* Exercise objective:
From the data below, please reproduce exactly everything from the line that contains "Voici une carte" down to the line that contains "Hrólfur Svavarsson formaður", with both ends included.

* Records:
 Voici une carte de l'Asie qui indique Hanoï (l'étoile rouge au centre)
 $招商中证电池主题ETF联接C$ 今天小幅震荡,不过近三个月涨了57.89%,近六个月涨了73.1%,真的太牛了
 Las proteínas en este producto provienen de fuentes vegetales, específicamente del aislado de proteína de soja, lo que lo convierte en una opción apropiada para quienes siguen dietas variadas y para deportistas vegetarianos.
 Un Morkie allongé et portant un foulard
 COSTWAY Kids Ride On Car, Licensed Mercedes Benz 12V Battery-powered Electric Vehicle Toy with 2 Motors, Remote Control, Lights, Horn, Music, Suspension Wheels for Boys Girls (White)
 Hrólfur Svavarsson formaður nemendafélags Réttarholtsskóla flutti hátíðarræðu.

---

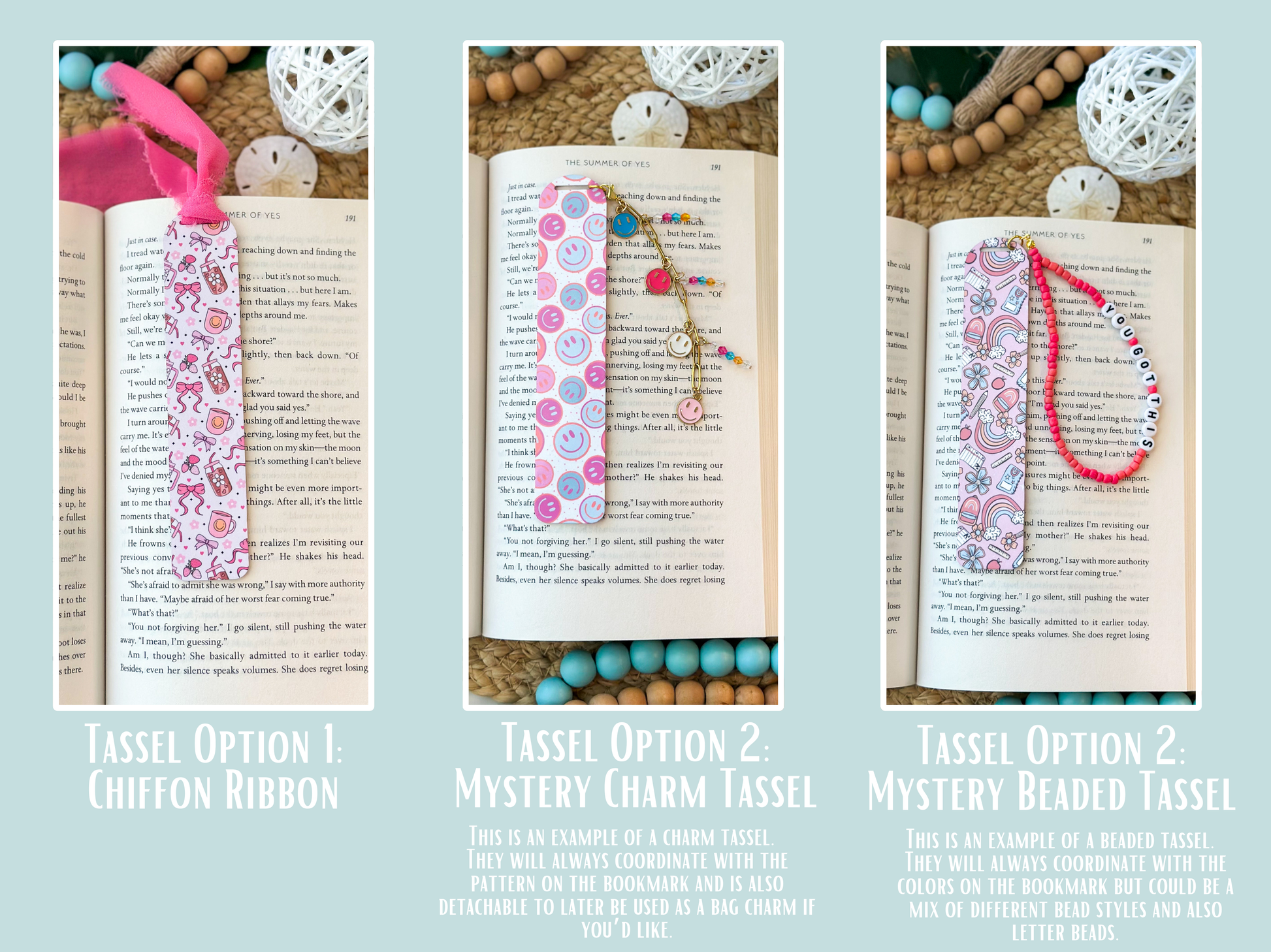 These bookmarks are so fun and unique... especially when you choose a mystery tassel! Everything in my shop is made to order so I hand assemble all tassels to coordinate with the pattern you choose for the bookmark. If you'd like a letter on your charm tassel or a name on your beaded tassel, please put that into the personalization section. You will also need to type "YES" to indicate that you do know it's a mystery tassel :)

--

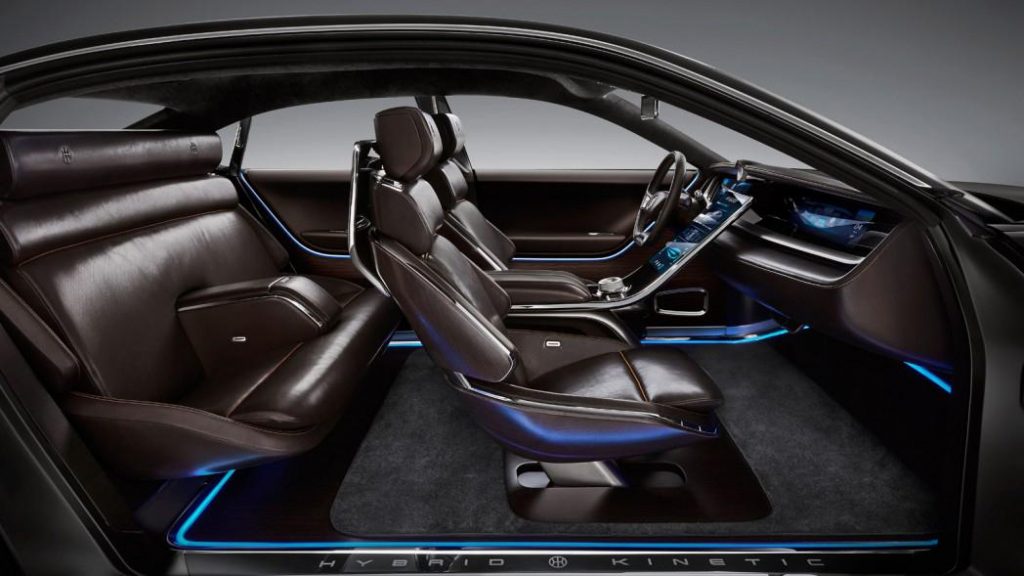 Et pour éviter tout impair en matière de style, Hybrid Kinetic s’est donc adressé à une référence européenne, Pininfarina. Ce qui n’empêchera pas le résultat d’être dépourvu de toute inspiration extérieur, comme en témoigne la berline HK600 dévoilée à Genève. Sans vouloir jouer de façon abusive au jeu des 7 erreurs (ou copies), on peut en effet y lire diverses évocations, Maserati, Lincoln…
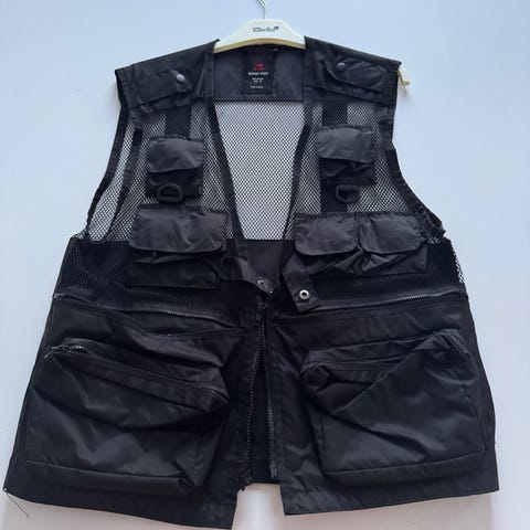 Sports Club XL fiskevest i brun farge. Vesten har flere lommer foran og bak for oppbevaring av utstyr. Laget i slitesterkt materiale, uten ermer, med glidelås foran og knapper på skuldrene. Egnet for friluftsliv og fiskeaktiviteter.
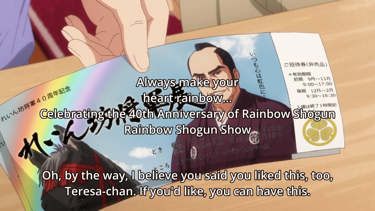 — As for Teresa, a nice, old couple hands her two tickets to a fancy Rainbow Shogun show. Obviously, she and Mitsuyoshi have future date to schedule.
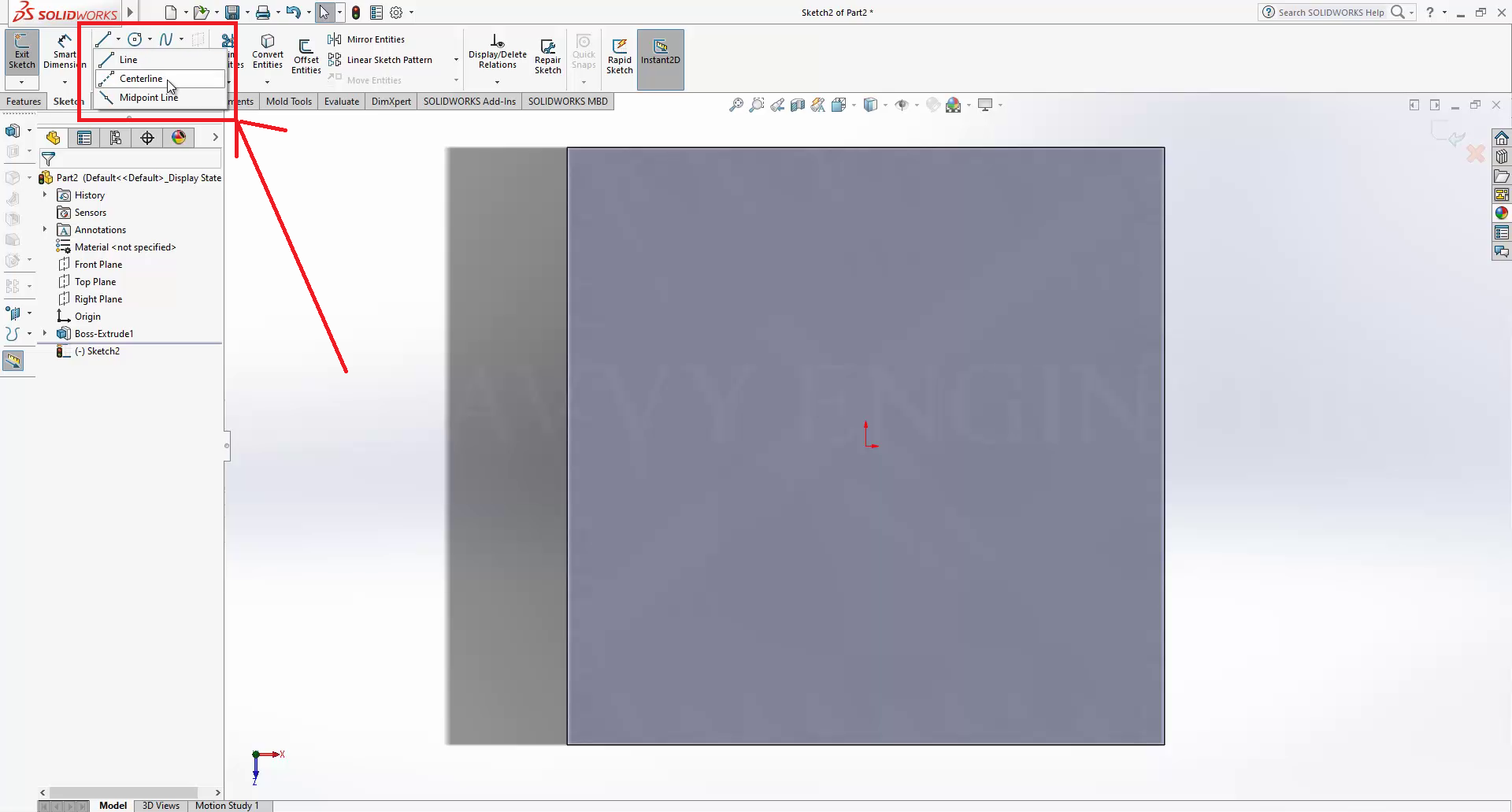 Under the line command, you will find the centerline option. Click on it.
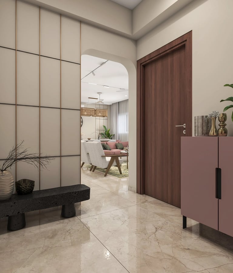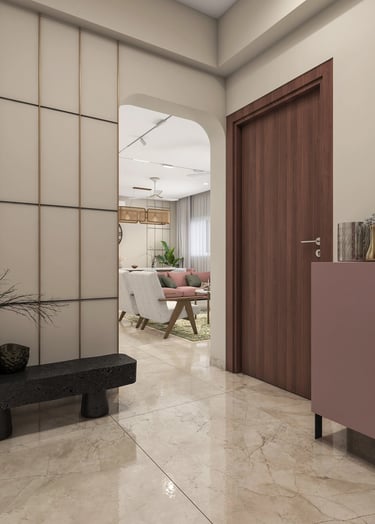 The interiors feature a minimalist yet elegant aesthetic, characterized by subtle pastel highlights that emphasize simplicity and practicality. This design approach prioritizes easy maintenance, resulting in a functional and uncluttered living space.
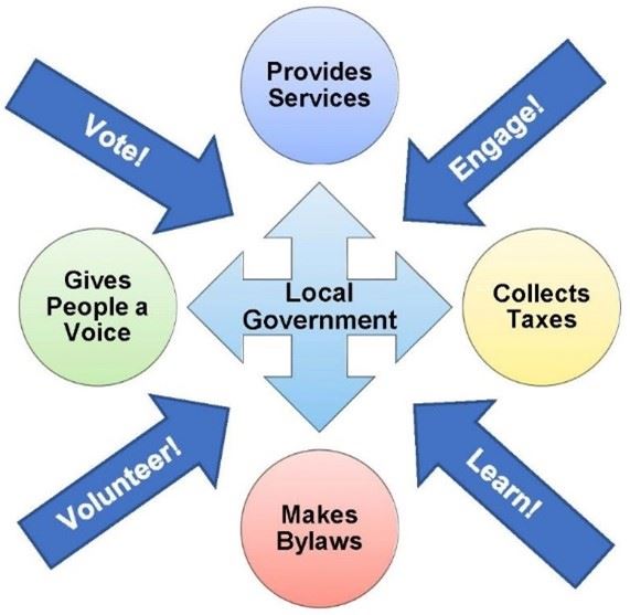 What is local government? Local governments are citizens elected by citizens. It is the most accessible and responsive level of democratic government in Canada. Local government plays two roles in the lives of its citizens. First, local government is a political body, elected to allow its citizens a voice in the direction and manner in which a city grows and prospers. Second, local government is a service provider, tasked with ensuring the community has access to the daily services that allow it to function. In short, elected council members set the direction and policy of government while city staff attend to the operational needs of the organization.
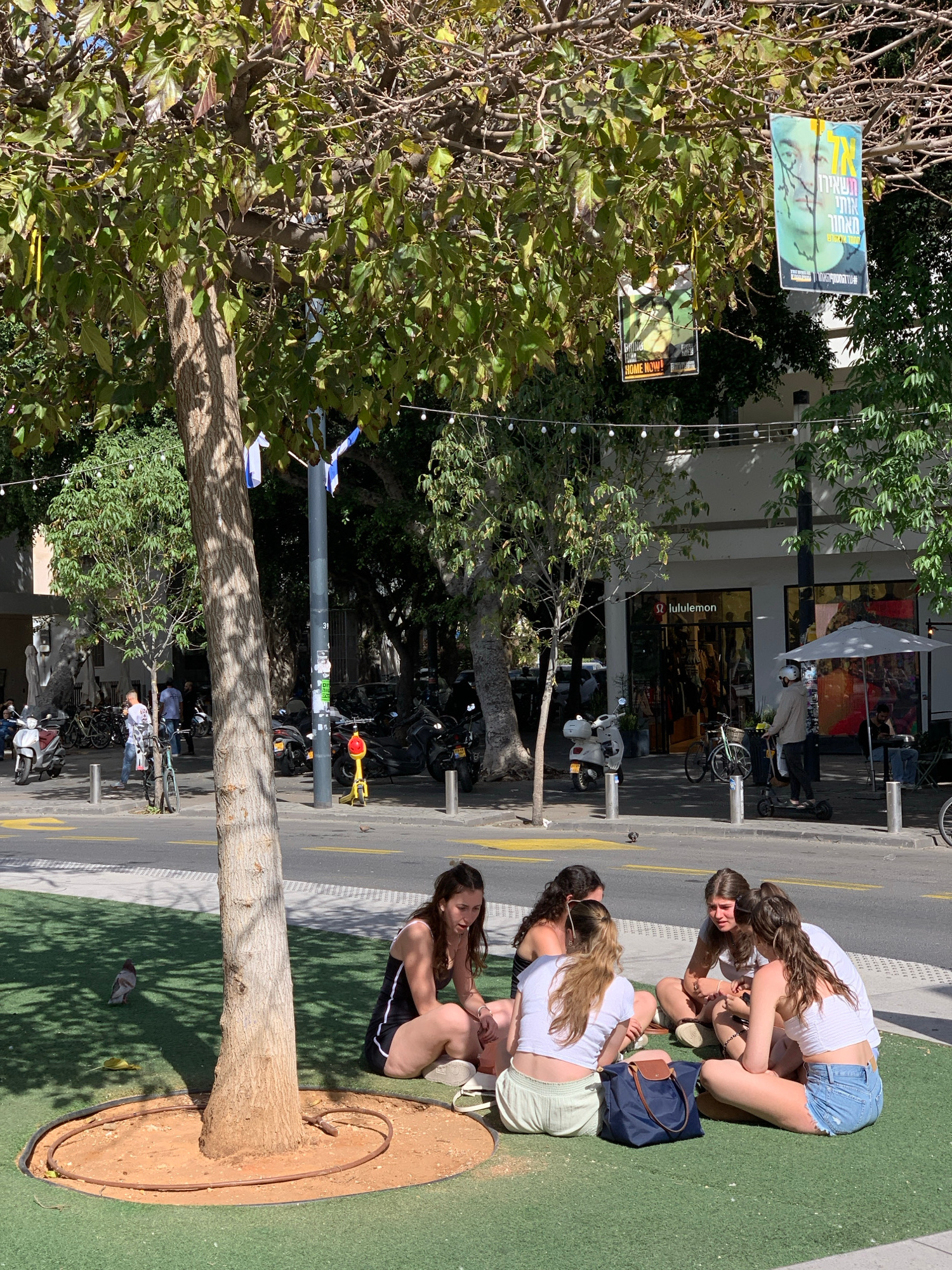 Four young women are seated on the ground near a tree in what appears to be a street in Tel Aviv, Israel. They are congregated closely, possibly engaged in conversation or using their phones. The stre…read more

* Exercise answer:
 Voici une carte de l'Asie qui indique Hanoï (l'étoile rouge au centre)
 $招商中证电池主题ETF联接C$ 今天小幅震荡,不过近三个月涨了57.89%,近六个月涨了73.1%,真的太牛了
 Las proteínas en este producto provienen de fuentes vegetales, específicamente del aislado de proteína de soja, lo que lo convierte en una opción apropiada para quienes siguen dietas variadas y para deportistas vegetarianos.
 Un Morkie allongé et portant un foulard
 COSTWAY Kids Ride On Car, Licensed Mercedes Benz 12V Battery-powered Electric Vehicle Toy with 2 Motors, Remote Control, Lights, Horn, Music, Suspension Wheels for Boys Girls (White)
 Hrólfur Svavarsson formaður nemendafélags Réttarholtsskóla flutti hátíðarræðu.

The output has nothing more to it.